Faeries on Fire
Travis Alabanza employs the chaotic and the spectacular to remind us that we cannot afford performance art as entertainment alone.
Travis Alabanza is an arsonist. Whatever they do, whichever space they’re in, they wield their pen as flamethrower, setting pages, stages and hearts alight. Their role as arsonist, though, is not one of wanton destruction, but destruction with a noble cause: the illumination of art as a creative and political act. The Royal Court Theatre is the latest stage to be so ennobled by Travis. Sound of the Underground, co-created with Debbie Hannan, is a captivating homage to the queer nightlife that shaped Travis into the stage-blazing dynamo they have become, and it issues an urgent warning about the consequences of LGBTQ assimilation into the dominant and ravaging order of our time.
There is much to praise about Sound of the Underground. The acting and performances of CHIYO, Lilly SnatchDragon, Ms Sharon Le Grand, Mwice Kavindele (as Sadie Sinner the Songbird), Rhys Hollis (as Rhys’ Pieces), Sue Gives A Fuck, Tammy Reynolds (as Midgitte Bardot) and Wet Mess do nothing less than activate and enliven the audience—and each performer deserves close study. One by one, they offer their masterclass; all together, they evidence the ensorceling power of creatives rallied around a collective cause. In doing so, they honour the hallowed stage of the Royal Court, whose plays are performed on stage and taught in classrooms across the globe.

There is, as always, the comedy, cheek and sass of it all—each elemental in anything fortunate enough to have Travis’ name emblazoned upon it. But the most praiseworthy offering from Sound of the Underground is how it develops, delivers and detonates its incisive critique of the price underground queer performers have been forced to pay for “our” “inclusion”. Sound of the Underground utilises RuPaul’s Drag Race to challenge the commodification of drag performance, showing how the mainstreaming of an important and life-giving art form has helped sustain the dispossession and displacement of vulnerable LGBTQ communities and venues in the so-called West.

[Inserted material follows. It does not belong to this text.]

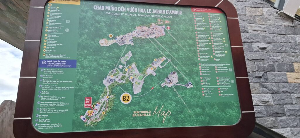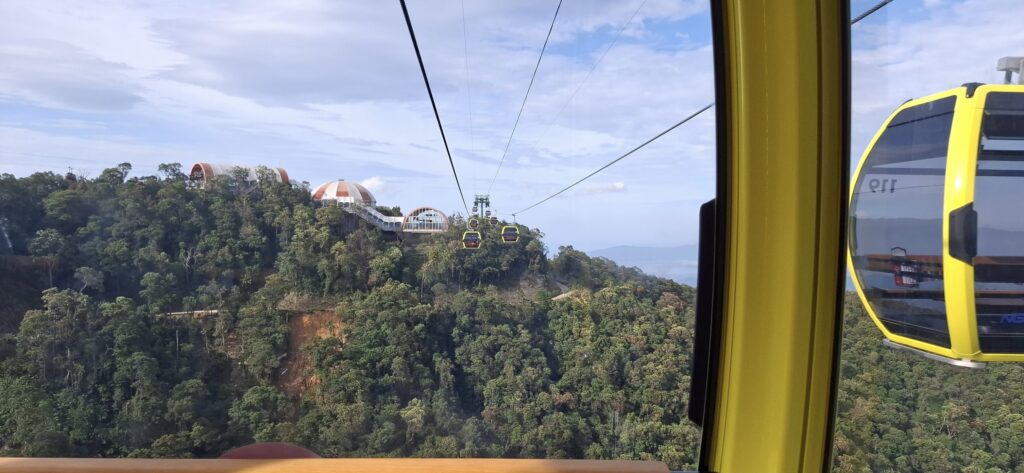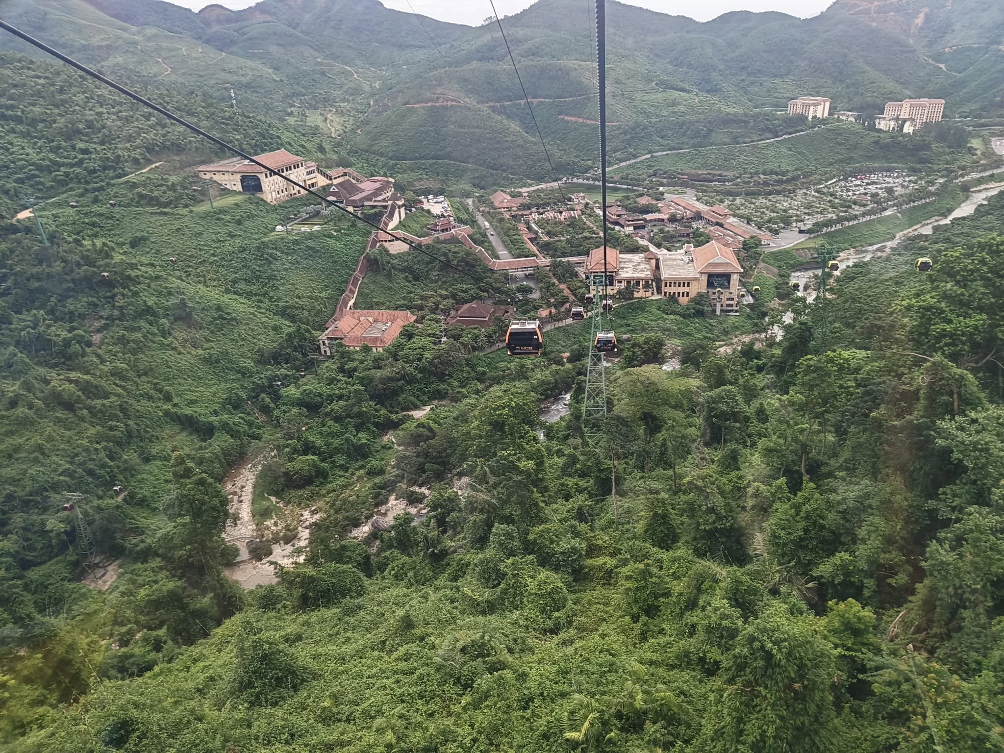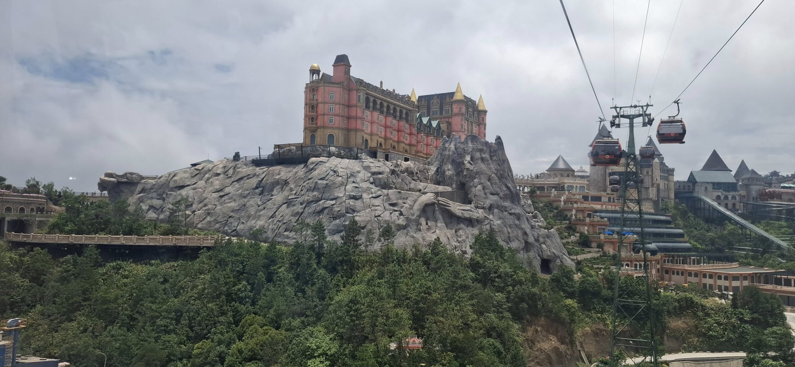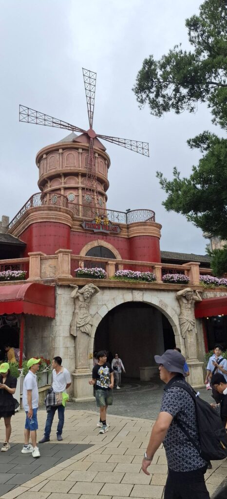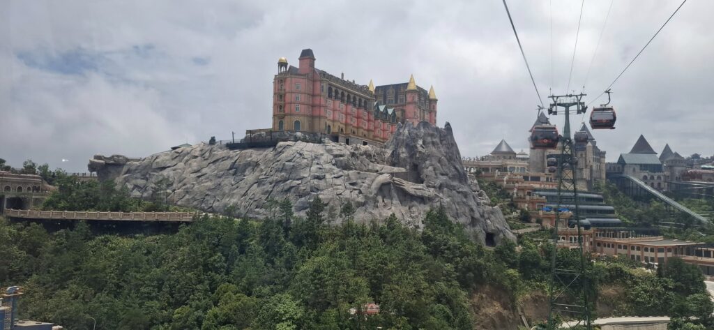 The only way to the top is by cable car (there is a service road for workers). It is the longest and highest cable car system in the world. At the top is an amusement park-like setting, the resort calls a Fairy Kingdom. I understand the old buildings in the French village section are relics from the colonial days.

A legacy of single-issue gay politics, RuPaul’s Drag Race is an appropriate vehicle for this critique. In the sanitising and keening effort to enshrine gay marriage rights, LGBTQ people of colour, trans people, sex workers and the homeless (among many others)—and the issues that truly impacted their lives—were jettisoned to make gay marriage more palatable. It worked, and while wealthy white gays and lesbians celebrated their economic equality with their heterosexual comrades, those who were left behind have stayed behind, save for the select anointing of a few to celebrity-level visibility. Sound of the Underground pays tribute to the abandoned: namely, the artists, performers and creatives who continue to challenge the consumptive and tokenising thrust of mainstream LGBTQ assimilation.

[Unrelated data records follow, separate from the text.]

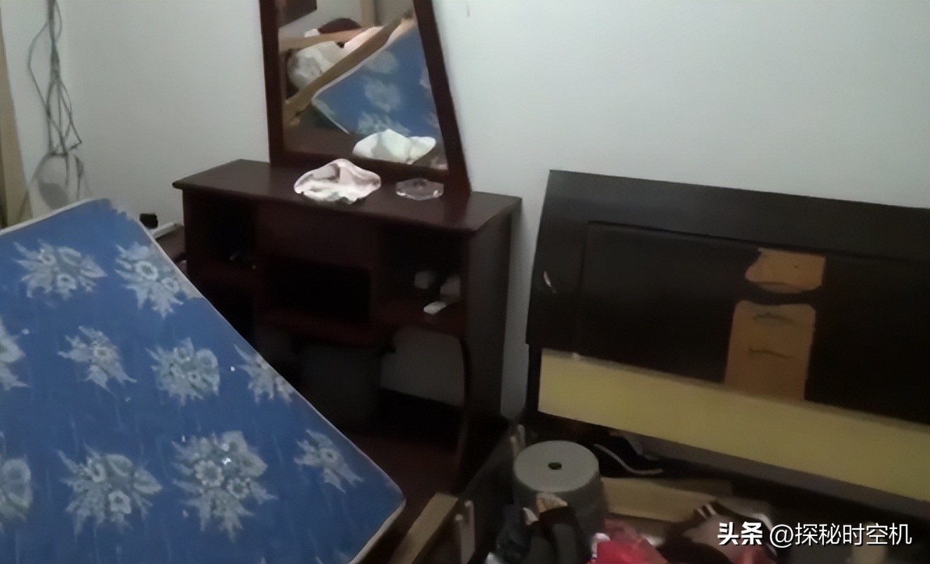 床铺上很凌乱,席梦思床垫似乎有被移动过的痕迹?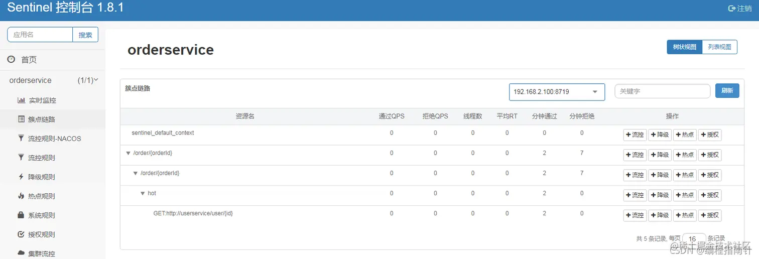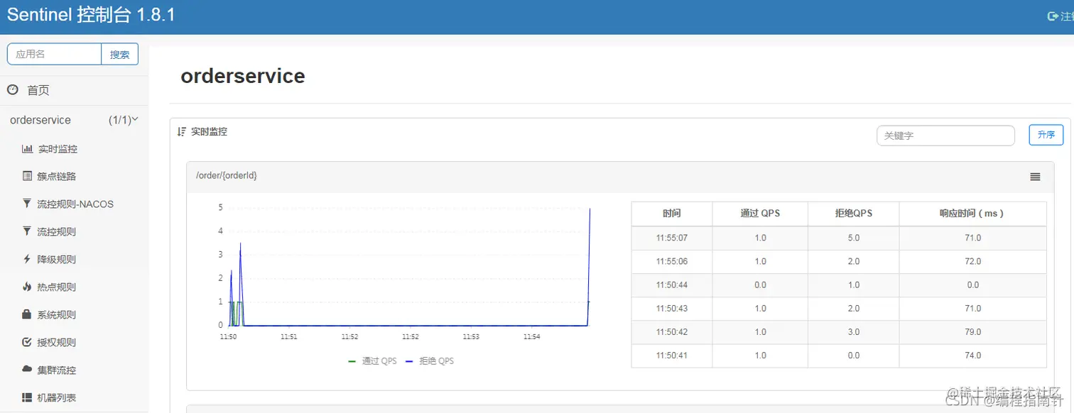 然后再访问sentinel的控制台,查看效果: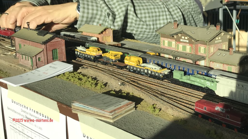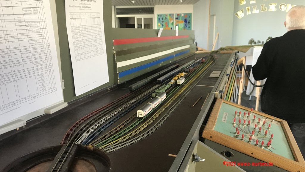 Die Grundaufstellung der Loks und Wagen auf dem betriebsbereiten Arrangement einschließlich der mit Frachtzetteln bestückten Wagenkarten konnte am Freitag noch vor dem Abendessen abgeschlossen werden. Am Abend wurde dann noch erfolgreich ein Fahrplan gefahren.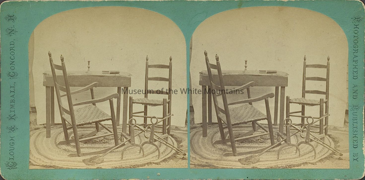 Black and white image of an interior with a table and chairs on a rug and with fireplace tools. Back Description: list of items with "furniture belonging to the Willey Family" highlighted

Gay marriage is an enduring heuristic for the pitfalls of single-issue politics: we know that visibility and representation on their own are not enough, that juridical protections for some certainly don’t ensure safety for all, and that inclusion of a few comes at a great cost to many—a cost borne, over again and always, by those resisting the normative demands of the generation attempting to indoctrinate them. By platforming the performers and art forms impacted by the historical, political and emotional ramifications of our commodification, Sound of the Underground asks the audience an important question: Can we be honest enough to see ourselves implicated in the cannibalism?
The play does what Toni Morrison said art should do, but art itself cannot intervene in the violence our communities face: it can only attempt to encourage its interruption. Whether glass-encased paintings are “defaced” or young people tie themselves to planes, art is only as provocative as the action it inspires. I’m not sure Travis intends to be provocative; they just tell the truth, and if that is confronting for any of us, then we should be so engulfed in their flames. Travis corrals and deploys the chaotic and the spectacular to remind us what’s at stake: we cannot afford performance as entertainment alone. After all, art without conscience or consequence is merely spectacle.
My review of Travis Alabanza’s play, Sound of the Underground, was originally published in 2023 on the now-shuttered AZ Mag, one of the UK’s few and only digital media platforms centring LGBTQ POC.
Supporting Black LGBTQ media makers and culture workers to surface and celebrate our stories, in ways that are nuanced and expansive, is especially important in imperial outposts like England, where the means, opportunities and resources for Black storytelling (broadly) are a fraction of what is made available to others.